In 1535 King Henry VIII’s war with the Pope is in full swing.  Roman religious institutions are being investigated to ensure that they have converted to the New Way(s), their treasures registered, taxed, confiscated, and carted off. While a few monasteries were licensed to continue, most are being closed, putting monks, abbots, brothers into the cold of an English winter.  Ditto for nuns.

It is a world of informers where a loose word would reveal a residual Catholicism and be met with the axe. Priest holes are becoming a real estate feature.  Priest hunters are getting advanced degrees. It is all brutal, violent, and merciless in the name of the Lord.  Some things never change. 

Among the monasteries on the list is Scarnsea on the south coast. First minister Thomas Cromwell sent a commissioner to close it, and – gulp! – he is murdered. In the dark of night. Murdered, yes, but worse.  Decapitated!  The punishment for treason!  There is much discussion of this procedure which in the end — Spoiler — is undermined by the plot denouncement.   

In response Cromwell sends his number one trouble shooter, Matthew Shardlake to (1) to bring justice to the murderer and (2) to speed the dissolution of the monastery.  Shardlake may be the number one confidant, but even so Cromwell puts marbles under his feet to keep him uncertain.  

Added to that brew, Shardlake is a hunchback, an affliction many see as a sign of the Beast.  His career as a lawyer is owed entirely to Cromwell and he cannot risk failure in this assignment. He takes along an acolyte to do the stepping and fetching. Shardlake spends far too much time feeling sorry for himself in his back (!) story.   

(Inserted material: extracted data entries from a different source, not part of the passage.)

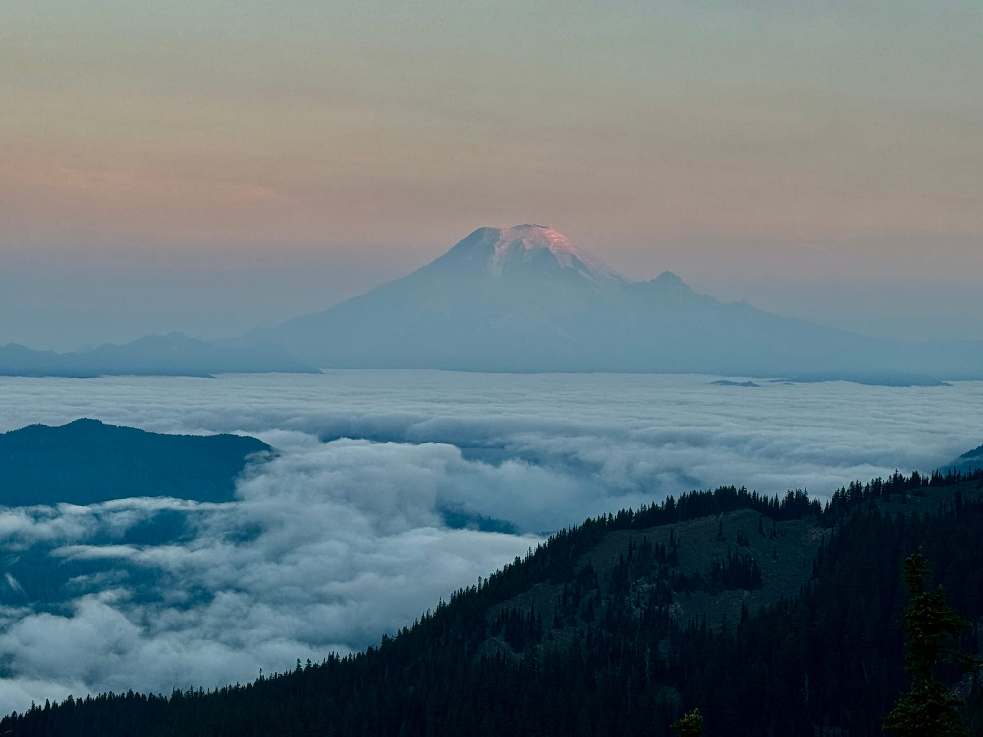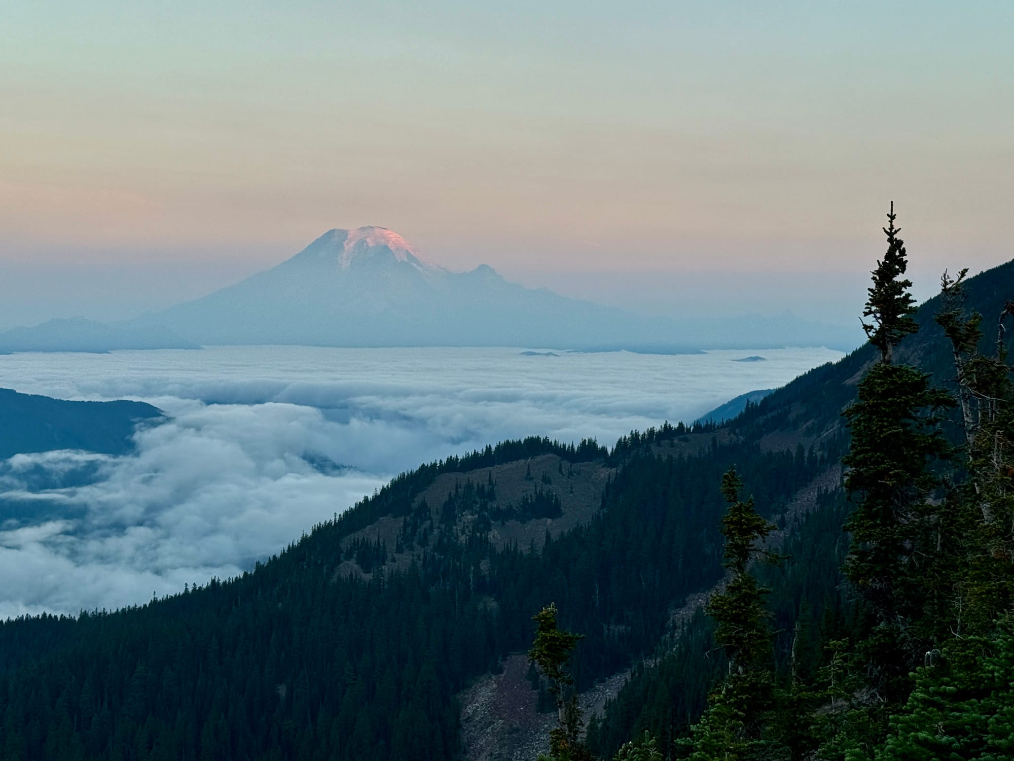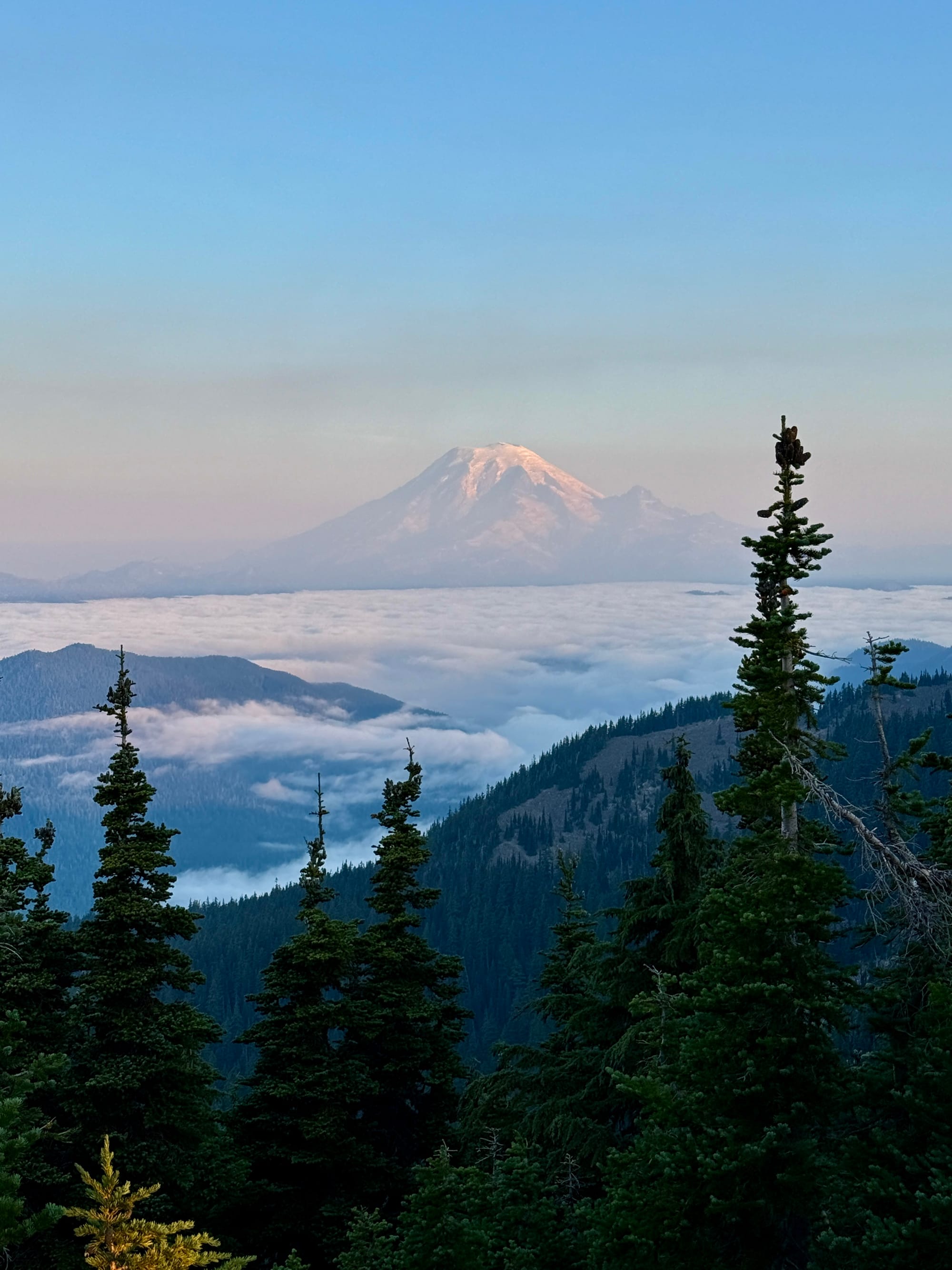 Our gamble on the weather and views clearing up in the morning paid off. Mount Rainier in soft morning light in the distance and Shoe Lake (which we couldn’t see while setting up in a cloud) below.
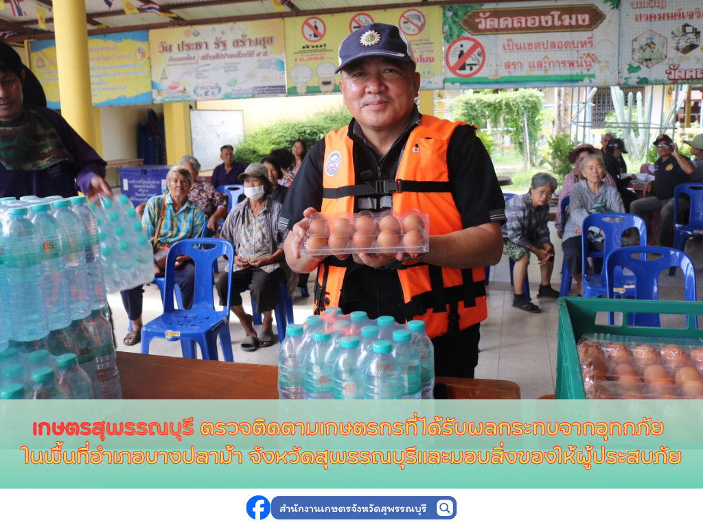 เกษตรสุพรรณบุรี ตรวจติดตามเกษตรกรที่ได้รับผลกระทบจากอุทกภัย ในพื้นที่อำเภอบางปลาม้า จังหวัดสุพรรณบุรีและมอบสิ่งของให้ผู้ประสบภัย
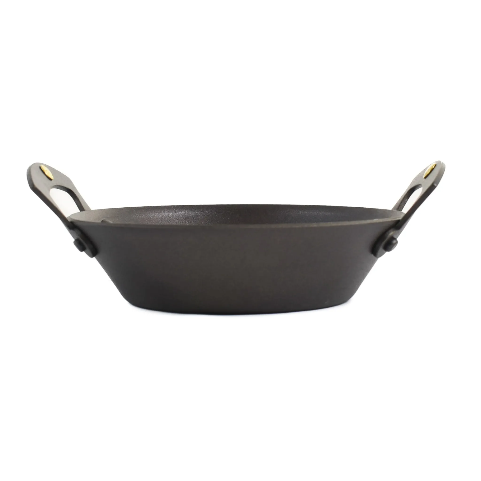 The double-handled pan is made from 99.1% pure spun iron. It can withstand very high temperatures so it’s great for frying and browning. You can use it on open fires and all kinds of hobs, including induction.
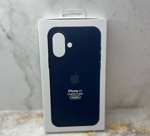 Задняя крышка Leather Case Iphone 17 под кожу с логотипом и MagSafe, синяя
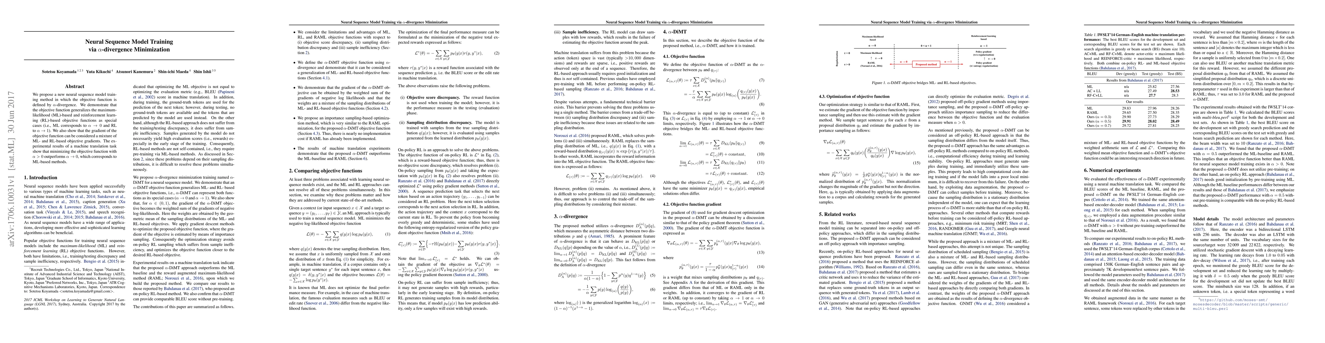 This paper introduces a novel neural sequence model training method using $\alpha$-divergence minimization, which generalizes both maximum-likelihood and reinforcement learning objectives. Experimental results on machine translation indicate that $\alpha > 0$ yields better performance compared to traditional maximum-likelihood methods.

The result is the monastery of Otranto with the residual population of monks, about thirty where once there were two hundred, and many servants who are ciphers, and unwanted guests who have taken shelter there.  It is all gloomy, claustrophobic, clinging, freezing, and stifling. And that is reiterated on nearly every page in case it was missed the first hundred times it was said. (Aside: people who live in cold climates do not spend so much time talking about it, but rather just get on with it.)  

The heavy hand of religious oppression hangs over everything.  Big Brother’s many little brothers are, indeed, watching everything, everywhere. It is all rather depressing to read.  While prepubescent film-makers over the years have been transfixed by Henry’s wives, most have overlooked the fact that his oppression of Catholics led to at least 50,000 executions and judicial murders, while encouraging vigilantes to do others: Thomas More was not alone. Yet Henry’s name has never become an adjective for violence and murder thanks to the marital distractions.      

C J Sansom

There is far more description of rooms, clothing, odours, and weather than adds to either plot or character and must be called padding to get to the length for airport bookshelves for long haul flights.  

What I can say is that it reads easier, makes more sense, and more effectively conveys the time and place than the coterminous and vastly overrated Hilary Mantel novels.